Als je 2020 op zich nog niet ellendig genoeg vindt, kan je altijd naar break-up albums luisteren om je nog wat ellendiger te voelen. We staan niet in voor de emotionele gevolgen maar als je dan toch je emoties op de proef wilt stellen, kan je daarvoor maar beter een goeie plaat uitkiezen. Het debuut van Cartalk bijvoorbeeld, dat bevlogen gitaren als uitlaatklep verkiest. “Tenderpunk” noemt de in Los Angeles gevestigde Chuck Moore (hen/hun) het zelf, waarmee hen andermaal bewijst dat hartzeer genderoverschrijdend is. De naam van hun soloproject werd ontleend aan de vele deugddoende gesprekken die hen in auto’s voerde.
Op ‘Pass like pollen’ wordt er dus meer gepraat over gebroken harten dan over velgen en uitlaten. Moore omschrijft die gevoelens van weemoed en zelftwijfel als een ‘Noonday devil’ die voor rusteloosheid zorgt en is zich hyperbewust van alles wat hen doet of zegt (“Did my honesty scare you? / Honestly, I scare me too”). Negen nummers lang slalomt Cartalk tussen de clichés en weet daarbij de meeste te omzeilen, terwijl hen bevlogen zing en op haar gitaar ramt (check meezinger ‘Wrestling’). Het album moet vooral een herinnering zijn om zichzelf nooit meer zo te laten meeslepen in zelfverloochening, en uiteindelijk kijkt Cartalk vooral vastberaden in de achteruitkijkspiegel.
‘Pass like pollen’ staat bol van de terugblikken op wat ooit was, zowel tekstueel als muzikaal. Dat Cartalk nooit te belegen klinkt is mede de verdienste van producer Sarah Tudzin (Illuminati Hotties). Die is naast het werk met haar eigen band behoorlijk geliefd bij een nieuwe generatie singer-songwriters voor wie het allemaal wat rauwer mag klinken (zie ook Lucy Dacus, Vagabon en Runnner). In ‘Car window’ wordt de kracht van dynamiek, harmonieën en subtiele instrumentaties het best geëtaleerd, terwijl ‘Something or nothing’ naakt en intiem mag blijven.

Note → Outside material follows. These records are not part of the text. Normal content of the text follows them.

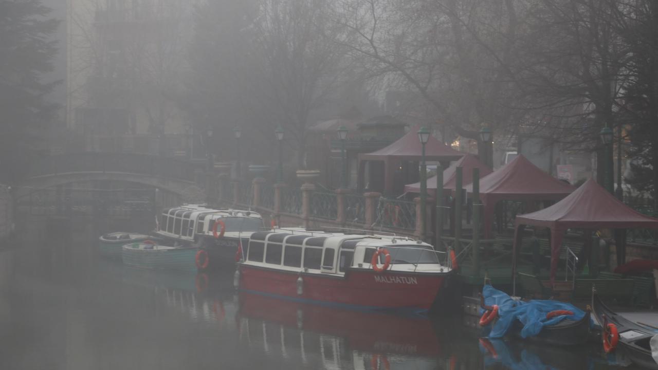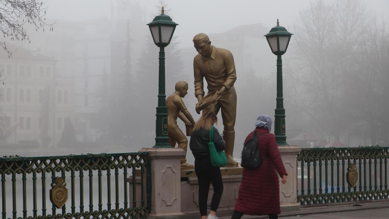 Şehrin ortasından geçen Porsuk Çayı`ndaki tekneler ve çevresinde bulunan heykeller sisin arasında kayboldu.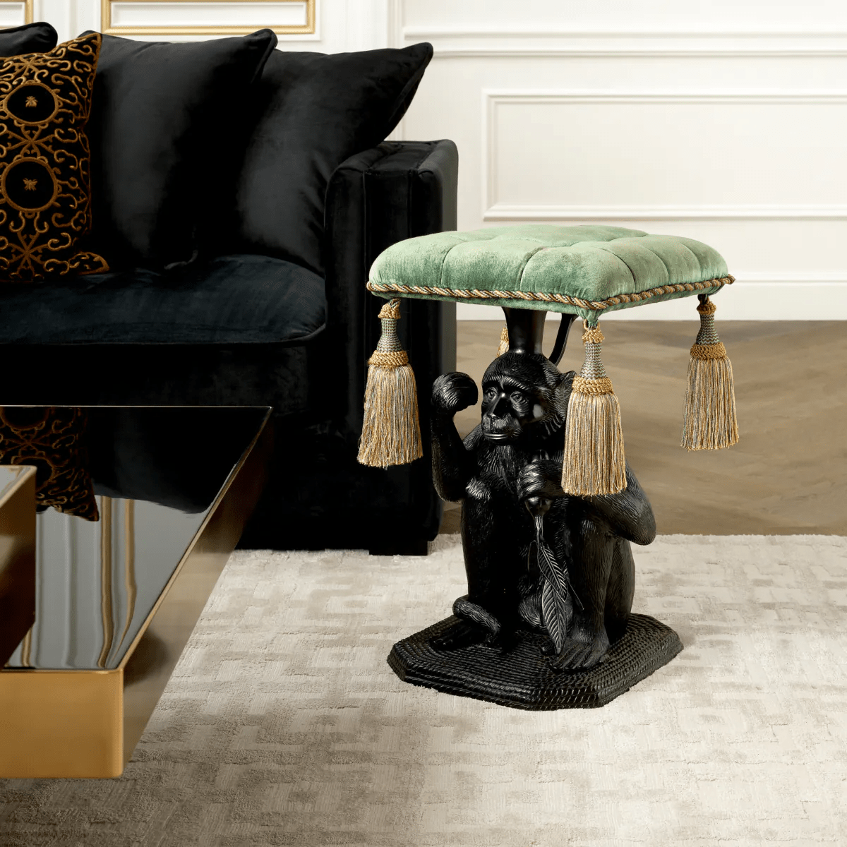 The monkey sculpture with black finish supports a turquoise velvet seating with silk tassels.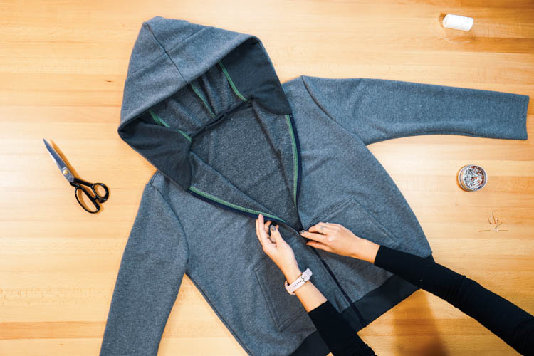 Close the zipper again and mark the location of the pocket seams and the seam of the bottom hem. These marks will help you maintain the symmetry of the sweatshirt.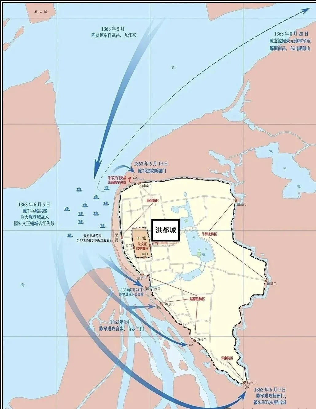 - 战略要地:洪都地处赣江下游、鄱阳湖之畔,是朱元璋势力的西大门,扼控陈友谅东进通道,失守则危及其大本营应天(今南京)。

Iets nieuws doet Cartalk niet, maar hen overtuigt wel met hun eigen draai aan het singer-songwriter-gegeven. In geen enkel nummer valt Moore te opzichtig in herhaling, en we betrappen onszelf erop dat de refreinen wel heel uitnodigend zijn om mee te zingen. Voor iemand die zichzelf vooral als songschrijver ziet en pas in de tweede plaats als muzikant, is dat zeker een compliment.